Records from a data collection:
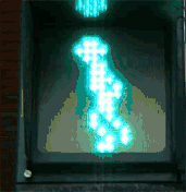 - Walking animation: The blue/green walking signal is usually constructed by seven differently shaped and positioned icons, and the walking or running movements are a result of persistence of vision. The Little Green Man moves in two or three different velocities: slow, fast, and occasionally, extremely fast. When the sign turns green, the little green man would first move slowly. After a certain duration of time (usually 14 seconds left on the countdown display, depending on width of pedestrian crossing), the animation would occasionally start moving at a faster speed or just simply flicker. When there is only ten seconds left to cross the street, the animation would occasionally move at its fastest speed and/or flicker.
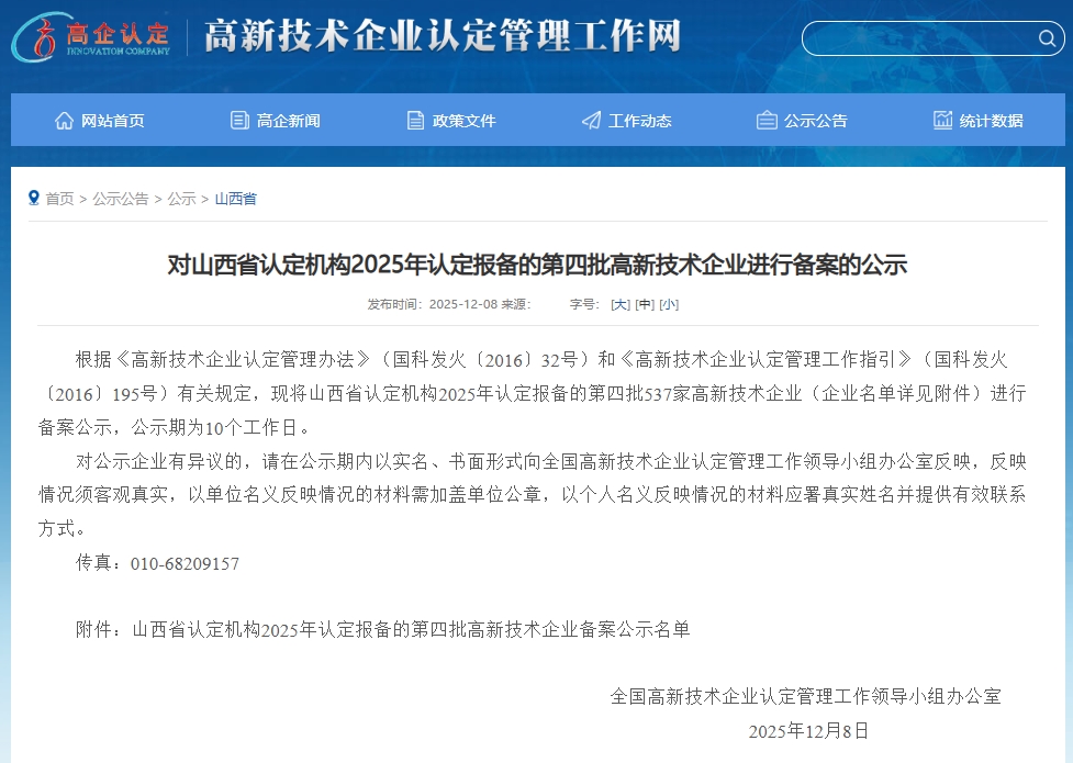 根據(jù)《高新技術(shù)企業(yè)認(rèn)定管理辦法》(國(guó)科發(fā)火〔2016〕32號(hào))和《高新技術(shù)企業(yè)認(rèn)定管理工作指引》(國(guó)科發(fā)火〔2016〕195號(hào))有關(guān)規(guī)定,山西省認(rèn)定機(jī)構(gòu)2025年認(rèn)定報(bào)備的第四批537家高新技術(shù)企業(yè)名單于2025年12月8日公示。麥斯達(dá)夫(山西)集團(tuán)有限公司榮耀位列其中,繼北京總部、深圳公司、廣州公司、天津公司之后,成為麥斯達(dá)夫集團(tuán)旗下第五家國(guó)家高新技術(shù)企業(yè)。
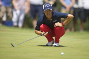 Ryo Ishikawa checks out the green before a putt on the 2nd hole in
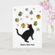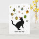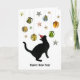 Um gato preto vestindo um chapéu vermelho se espalha pelas estrelas e pelas bolas de ouro nesta placa de Feliz ano novo estilizada com meio século distinto.
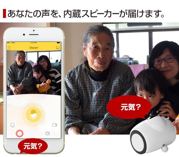 例えば、離れて暮らす家族や、お父さんお母さん。「元気にしてるかな?」そんな時もiPhone・スマホでアプリを開くだけで様子を見ることができ、テレビ電話や5つのアクションで気持ちを伝えることもできます。愛くるしい「Bayperバイパー」を通して、素敵なコミュニケーションがとれます。
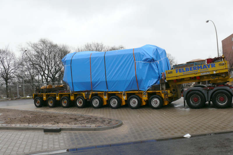 Transport eines Maschinenteiles für den Export
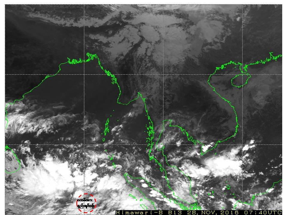 ၁။ ၂၀၁၆ ခုနှစ်၊ နိုဝင်ဘာလ (၂၈)ရက်နေ့၊ မြန်မာစံတော်ချိန် (၁၅:ဝ၀)နာရီအချိန်တွင် မိုးလေဝသ နှင့် ဇလဗေဒညွှန်ကြားမှုဦးစီးဌာနမှ ထုတ်ပြန်သည့် အချိန်အခါမဟုတ် မိုးရွာနိုင်မည့် သတိပေးချက်
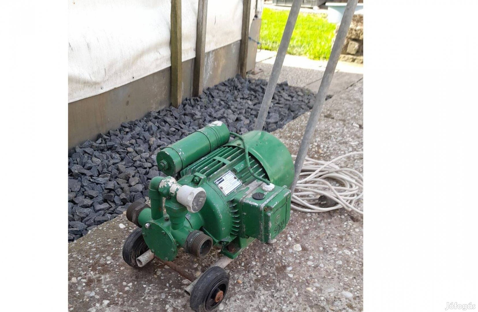 Eladó a fotókon látható hibátlanul működő 220v rézpumpaházas gumilapátos borszivattyú töltésszabályozó csappal kerekeken húzható kb 8m elektromos kábellel.postázás megoldható.tel.

Action item →
All records above need to be returned exactly. Omit the pictures.

Problem solution →
 - Walking animation: The blue/green walking signal is usually constructed by seven differently shaped and positioned icons, and the walking or running movements are a result of persistence of vision. The Little Green Man moves in two or three different velocities: slow, fast, and occasionally, extremely fast. When the sign turns green, the little green man would first move slowly. After a certain duration of time (usually 14 seconds left on the countdown display, depending on width of pedestrian crossing), the animation would occasionally start moving at a faster speed or just simply flicker. When there is only ten seconds left to cross the street, the animation would occasionally move at its fastest speed and/or flicker.
 根據(jù)《高新技術(shù)企業(yè)認(rèn)定管理辦法》(國(guó)科發(fā)火〔2016〕32號(hào))和《高新技術(shù)企業(yè)認(rèn)定管理工作指引》(國(guó)科發(fā)火〔2016〕195號(hào))有關(guān)規(guī)定,山西省認(rèn)定機(jī)構(gòu)2025年認(rèn)定報(bào)備的第四批537家高新技術(shù)企業(yè)名單于2025年12月8日公示。麥斯達(dá)夫(山西)集團(tuán)有限公司榮耀位列其中,繼北京總部、深圳公司、廣州公司、天津公司之后,成為麥斯達(dá)夫集團(tuán)旗下第五家國(guó)家高新技術(shù)企業(yè)。
 Ryo Ishikawa checks out the green before a putt on the 2nd hole in
 Um gato preto vestindo um chapéu vermelho se espalha pelas estrelas e pelas bolas de ouro nesta placa de Feliz ano novo estilizada com meio século distinto.
 例えば、離れて暮らす家族や、お父さんお母さん。「元気にしてるかな?」そんな時もiPhone・スマホでアプリを開くだけで様子を見ることができ、テレビ電話や5つのアクションで気持ちを伝えることもできます。愛くるしい「Bayperバイパー」を通して、素敵なコミュニケーションがとれます。
 Transport eines Maschinenteiles für den Export
 ၁။ ၂၀၁၆ ခုနှစ်၊ နိုဝင်ဘာလ (၂၈)ရက်နေ့၊ မြန်မာစံတော်ချိန် (၁၅:ဝ၀)နာရီအချိန်တွင် မိုးလေဝသ နှင့် ဇလဗေဒညွှန်ကြားမှုဦးစီးဌာနမှ ထုတ်ပြန်သည့် အချိန်အခါမဟုတ် မိုးရွာနိုင်မည့် သတိပေးချက်
 Eladó a fotókon látható hibátlanul működő 220v rézpumpaházas gumilapátos borszivattyú töltésszabályozó csappal kerekeken húzható kb 8m elektromos kábellel.postázás megoldható.tel.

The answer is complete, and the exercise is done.